A run paused for review at 9am Monday and resumed Thursday may face model snapshot drift: OpenAI rotates system_fingerprint routinely; customers bump gpt-4o-2024-08-06 to gpt-4o-2024-11-20. Fuze's resumeRun enforces:

  • Snapshot drift + producesArt22Decision: true → refuse with ModelDriftAtResumeError. Reviewer can pass allowModelDrift: true to override after explicit acknowledgment (which itself becomes evidence).
  • Snapshot drift + non-Art22 → warn, record drift in evidence, proceed.
  • System-fingerprint-only drift → never blocks. Fingerprints rotate on infra changes, not model changes.

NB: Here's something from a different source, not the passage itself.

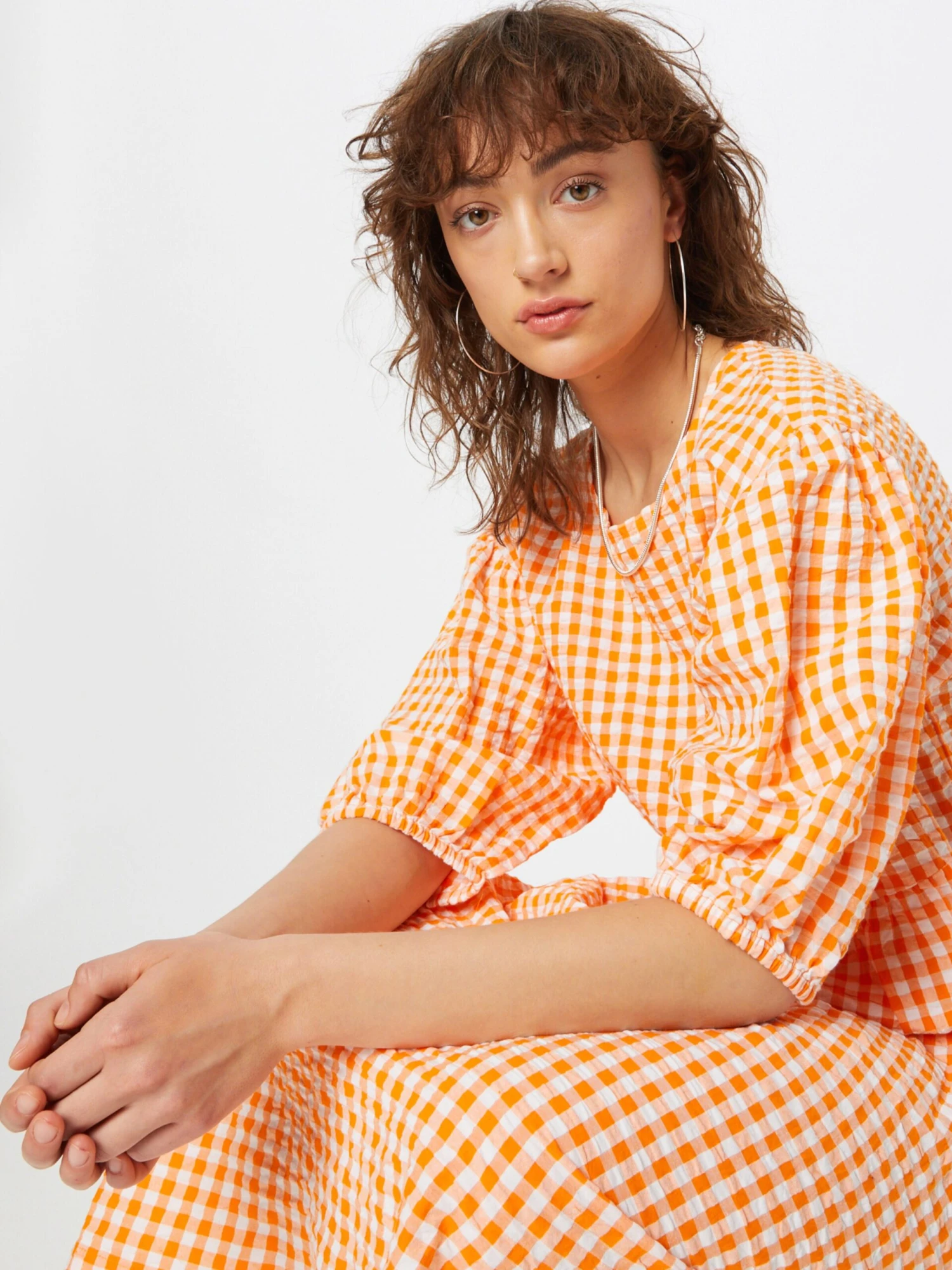 À carreauxCotonCol rondDécoupesDrapé / froncéOurlet / bord surpiquéFermeture KeyholeÉpaules largesMotifs all-overTissu fluideFermeture à bouton

Soft-cancel on operator stop

Tools declare their I/O profile via softCancelTimeoutMs (default 10s):

ts
defineTool.personal({
  name: 'send_email',
  // ...
  softCancelTimeoutMs: 30000,  // wait up to 30s for SMTP I/O
})

defineTool.public({
  name: 'search_docs',
  // ...
  softCancelTimeoutMs: 2000,
})

When the operator hits stop, the in-flight tool gets up to its declared grace period. After that it's hard-killed with a cancellation_truncated evidence row noting the truncation. A separate emergency-abort path skips the grace period entirely; that decision is also evidenced.

What ships in @fuze-ai/agent today

  • defineAgent, defineAgentRole, fromMarkdown (+ fromMarkdown.dir)
  • runAgent, resumeRun, ModelDriftAtResumeError
  • PlanState, buildPlanTools, synthesizeDispatchTool, buildDispatchTools
  • requestOversight, resolveOversight, InMemoryDurableAdapter
  • Type exports: AgentRoleDefinition, DispatchResult<T>, AgentErrorCategory, PlanEvent, PlanStep, ReplayMode, OversightDecision, full ledger entry types

What's deferred

  • Real Restate adapter — the DurableExecutionAdapter interface is stable; the production package binds to restate.send / ctx.awakeable.
  • run.replay() execution — types are in place (ReplayMode, ReplayResult, drift shapes). Runtime needs a tool-output cache substrate.
  • OTel/OpenInference exporter — adapter, not contract; can ship anytime.
  • Four-eyes mode for biometric Annex III §1(a) — until a design partner needs it.